Items listed in a dataset
========

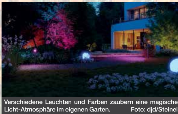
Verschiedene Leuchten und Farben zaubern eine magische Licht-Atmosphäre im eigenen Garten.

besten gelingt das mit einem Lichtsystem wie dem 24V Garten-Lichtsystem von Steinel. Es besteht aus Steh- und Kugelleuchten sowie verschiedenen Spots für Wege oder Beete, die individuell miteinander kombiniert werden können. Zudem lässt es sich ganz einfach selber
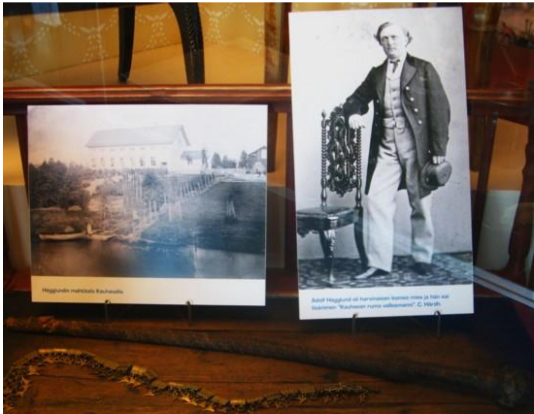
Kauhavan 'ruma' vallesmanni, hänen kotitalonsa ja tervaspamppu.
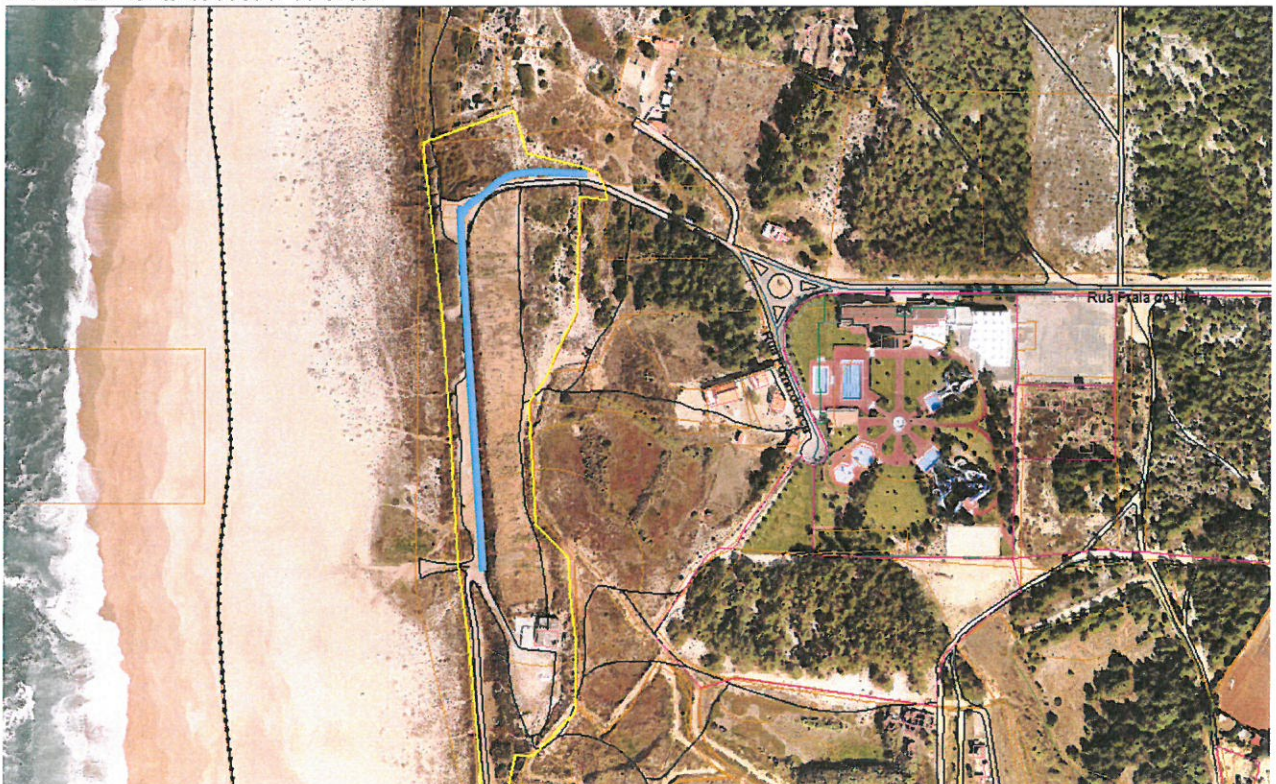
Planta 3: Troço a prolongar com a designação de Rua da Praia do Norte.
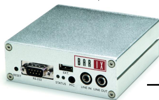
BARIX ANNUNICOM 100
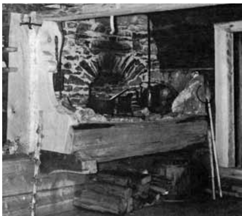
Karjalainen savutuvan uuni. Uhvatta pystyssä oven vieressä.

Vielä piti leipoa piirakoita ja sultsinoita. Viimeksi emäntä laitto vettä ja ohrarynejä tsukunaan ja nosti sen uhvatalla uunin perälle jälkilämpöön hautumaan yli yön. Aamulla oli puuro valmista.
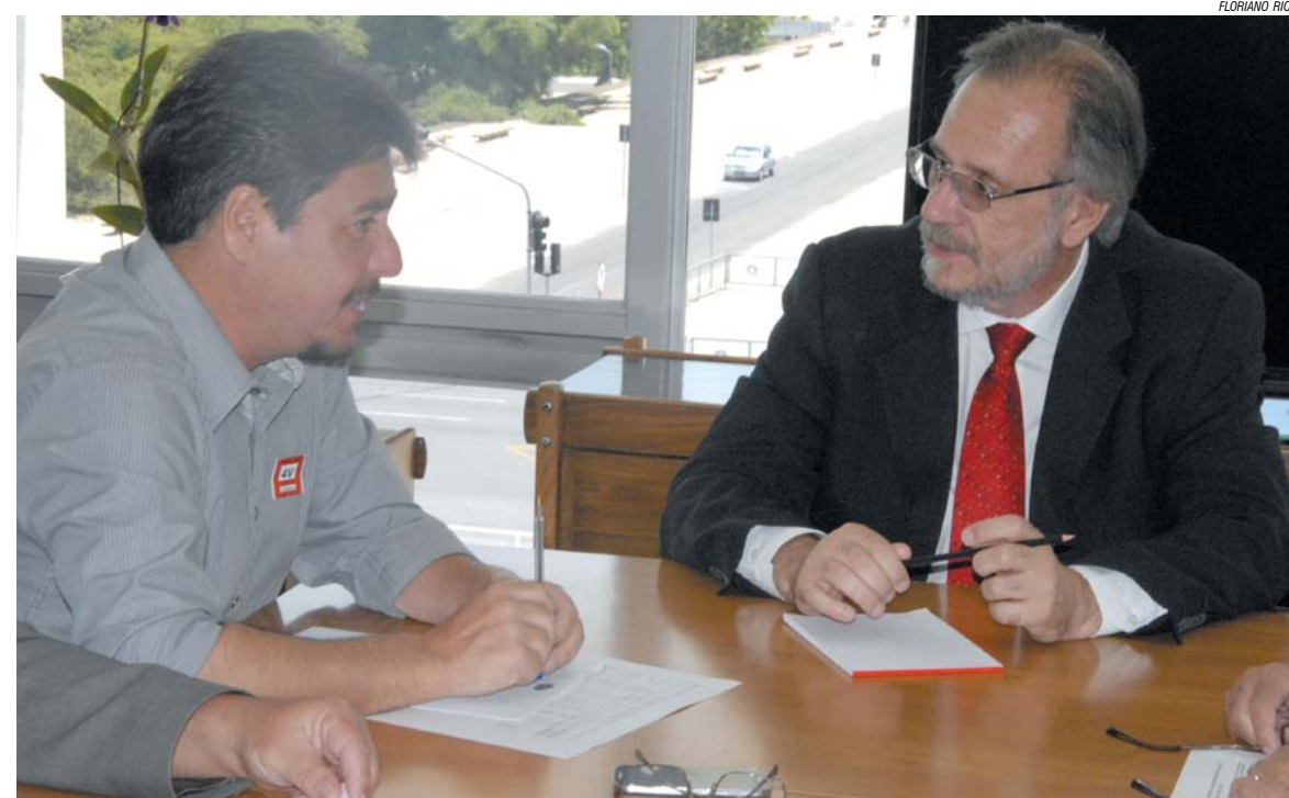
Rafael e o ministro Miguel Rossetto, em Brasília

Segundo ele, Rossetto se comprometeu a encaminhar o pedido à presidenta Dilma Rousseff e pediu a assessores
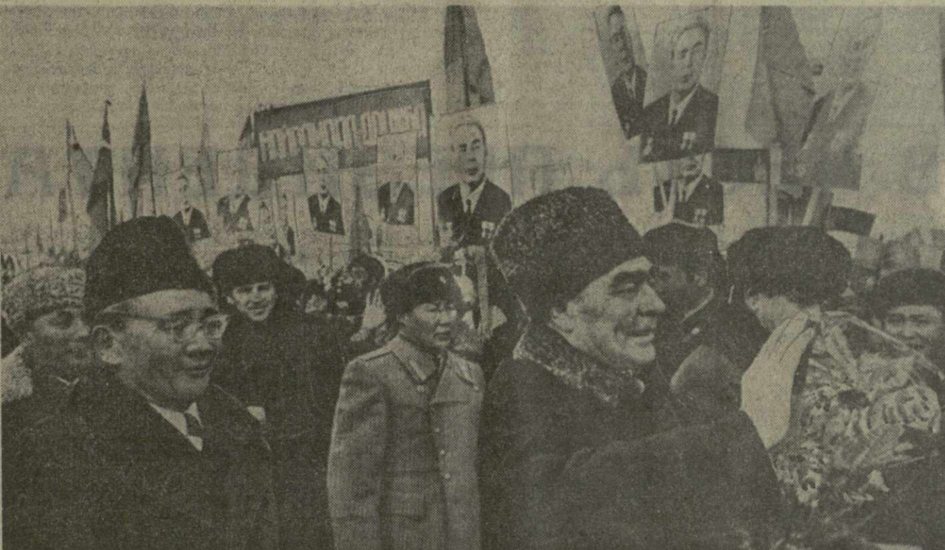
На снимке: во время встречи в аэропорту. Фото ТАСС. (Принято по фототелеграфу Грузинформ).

========

**The task**:
Transcribe all of the records above exactly; no image should appear in what you write.

**Problem solution**:
Verschiedene Leuchten und Farben zaubern eine magische Licht-Atmosphäre im eigenen Garten.

besten gelingt das mit einem Lichtsystem wie dem 24V Garten-Lichtsystem von Steinel. Es besteht aus Steh- und Kugelleuchten sowie verschiedenen Spots für Wege oder Beete, die individuell miteinander kombiniert werden können. Zudem lässt es sich ganz einfach selber
Kauhavan 'ruma' vallesmanni, hänen kotitalonsa ja tervaspamppu.
Planta 3: Troço a prolongar com a designação de Rua da Praia do Norte.
BARIX ANNUNICOM 100
Karjalainen savutuvan uuni. Uhvatta pystyssä oven vieressä.

Vielä piti leipoa piirakoita ja sultsinoita. Viimeksi emäntä laitto vettä ja ohrarynejä tsukunaan ja nosti sen uhvatalla uunin perälle jälkilämpöön hautumaan yli yön. Aamulla oli puuro valmista.
Rafael e o ministro Miguel Rossetto, em Brasília

Segundo ele, Rossetto se comprometeu a encaminhar o pedido à presidenta Dilma Rousseff e pediu a assessores
На снимке: во время встречи в аэропорту. Фото ТАСС. (Принято по фототелеграфу Грузинформ).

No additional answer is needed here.